■ Instructions for the task ■
Look below and pull out each line with the word "breeches".

[Stored records]
####

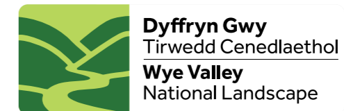
Dyffryn Gwy Tirwedd Cenedlaethol Wye Valley National Landscape
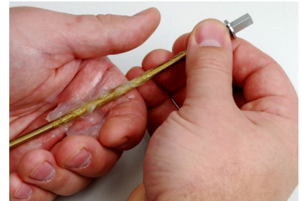
With a small portion of WhiZLube in your hand, apply an even coat along the entire length of the flex shaft.

Clean and lubricate after every 20 hours of operation.
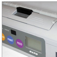
Top Cover Opening for Easy Media Load
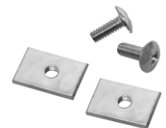
Number of Bins to Fit Each Rail Set
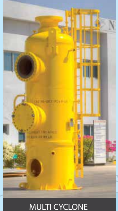
MULTI CYCLONE SEPARATOR- U STAMP
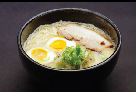
TONKOTSU $15.75 Egg noodles in a rich pork broth with tender braised pork, a soft boiled egg, scallions, and bean sprouts.
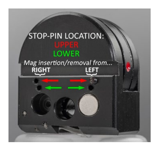
Fig 3: Additional upper and lower stop-pin positions for specific rifle models. Huntsman-style breeches require the lower position; breeches on the Pulsar, Renegade, Wolverine and RedWolf require the pin in the upper position

From 2010, Daystate's portfolio of rifle models began expanding rapidly and to suit the growing range, the Multi-Shot Magazine's stop-pin position had to change to accommodate newly designed breeches. Multi-Shot Magazines manufactured after October 2013 have upper and lower stop-pin positions on the rear of the magazine [fig 3].
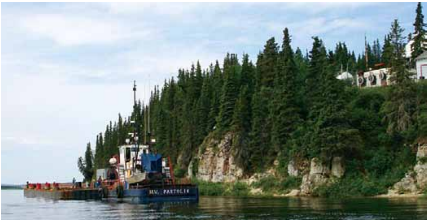
Delta Western was the Consolidated Bulk Fuel vendor for 2008. They are shown here making a delivery to White Mountain. Twenty-one participants from fourteen communities received 929,802 gallons of Diesel #1 Heating Fuel and 287,926 gallons of Unleaded Gasoline. (see article on page 8)
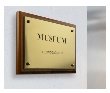
Professional and institutional plates
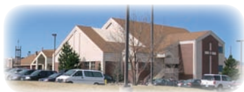
Highlands Ranch, Colorado
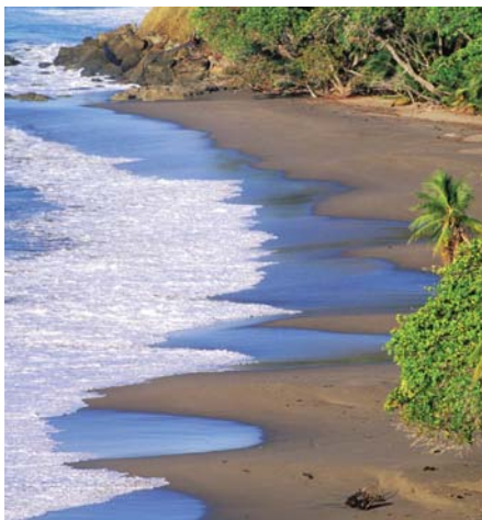
Beach at Manuel Antonio National Park

With over 1,300 kilometres of coastline, Costa Rica has a variety of beaches, from sheltered, golden sands ideal for swimming to more rugged and wild beaches with black volcanic sand and strong surf. As a general rule the Pacific coast is more developed and has a wider range of accommodation options. The Caribbean coast is a more laid-back area, with smaller, more simple hotels and virtually deserted beaches.
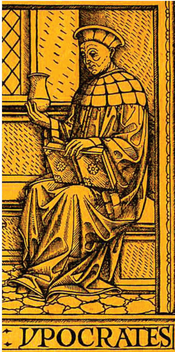
Figure 1. Hippocrates and uroscopy: part of a woodcut from an early 15th century, Latin language medical book.

It is striking to read today this very perceptive description by Hippocrates: "...the fluids are sucked from the veins to the kidneys, then the watery substance appears to be distilled by the kidneys, where the urine is filtered and separated by the blood" (Greek fragment: και το υγρό τραβιέται από τις φλέβες στους νεφρούς, έπειτα, το ύδωρ σα να διωλίζεται από τα νεφρά [...] και εκεί τα ούρα διωλίζονται και αποχωρίζονται από
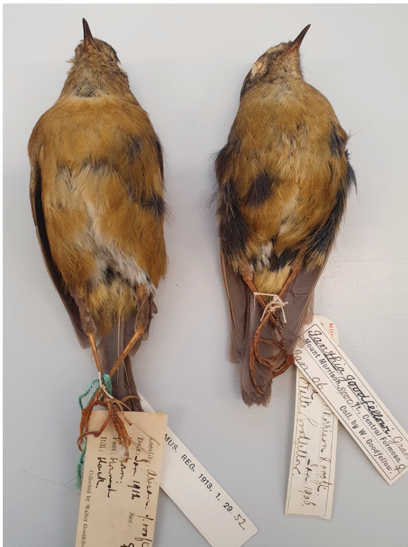
Figure 2. Female syntypes of Ianthia goodfellowi (a synonym of White-browed Bush Robin T. indicus formosanus) (NHMUK 1913.1.29.52; left; for collection details, see main text) and Collared Bush Robin Tarsiger johnstoniae (NHMUK 1907.12.12.40; for collection details, see Fig. 1), showing their identically coloured undertail-coverts
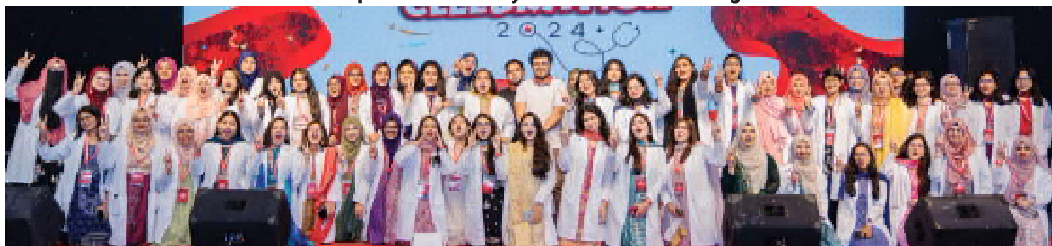
Group Photo : Viqarunnisa Noon School & College
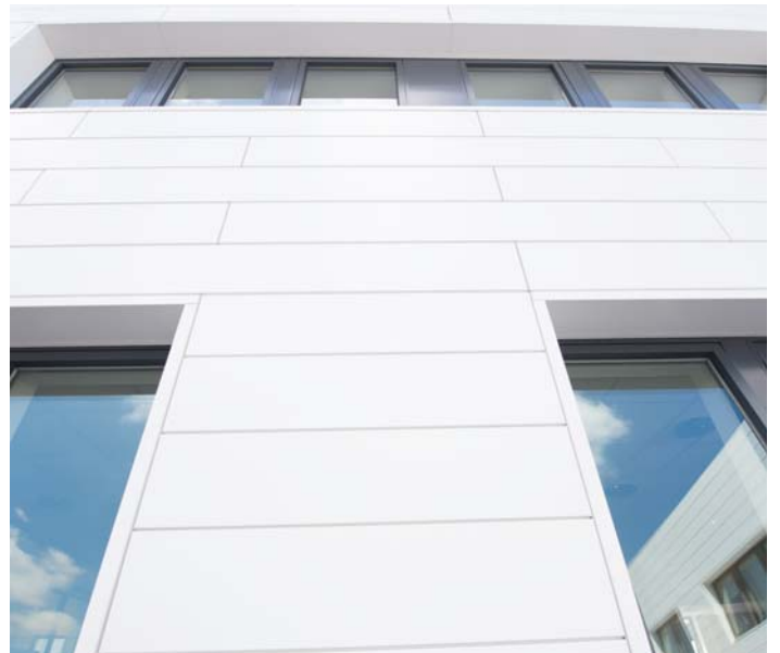
R1 Building, STFC Rutherford Appleton Laboratory
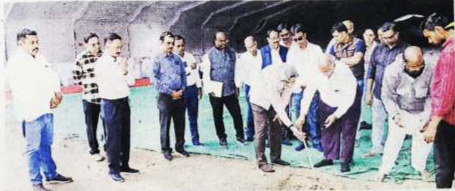
क्वालिटी महाकुंभ की तैयारी के लिए पूजा-अर्चना करते हुए अतिथि
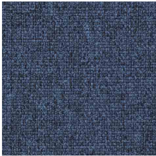
Medley · 66010 · Azul
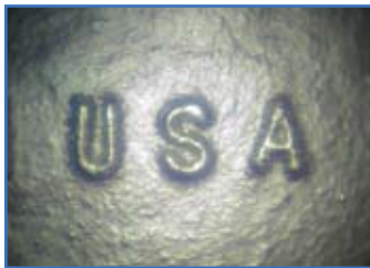
Bright illumination even on black castings

####

■ Problem solution ■
Fig 3: Additional upper and lower stop-pin positions for specific rifle models. Huntsman-style breeches require the lower position; breeches on the Pulsar, Renegade, Wolverine and RedWolf require the pin in the upper position
From 2010, Daystate's portfolio of rifle models began expanding rapidly and to suit the growing range, the Multi-Shot Magazine's stop-pin position had to change to accommodate newly designed breeches. Multi-Shot Magazines manufactured after October 2013 have upper and lower stop-pin positions on the rear of the magazine [fig 3].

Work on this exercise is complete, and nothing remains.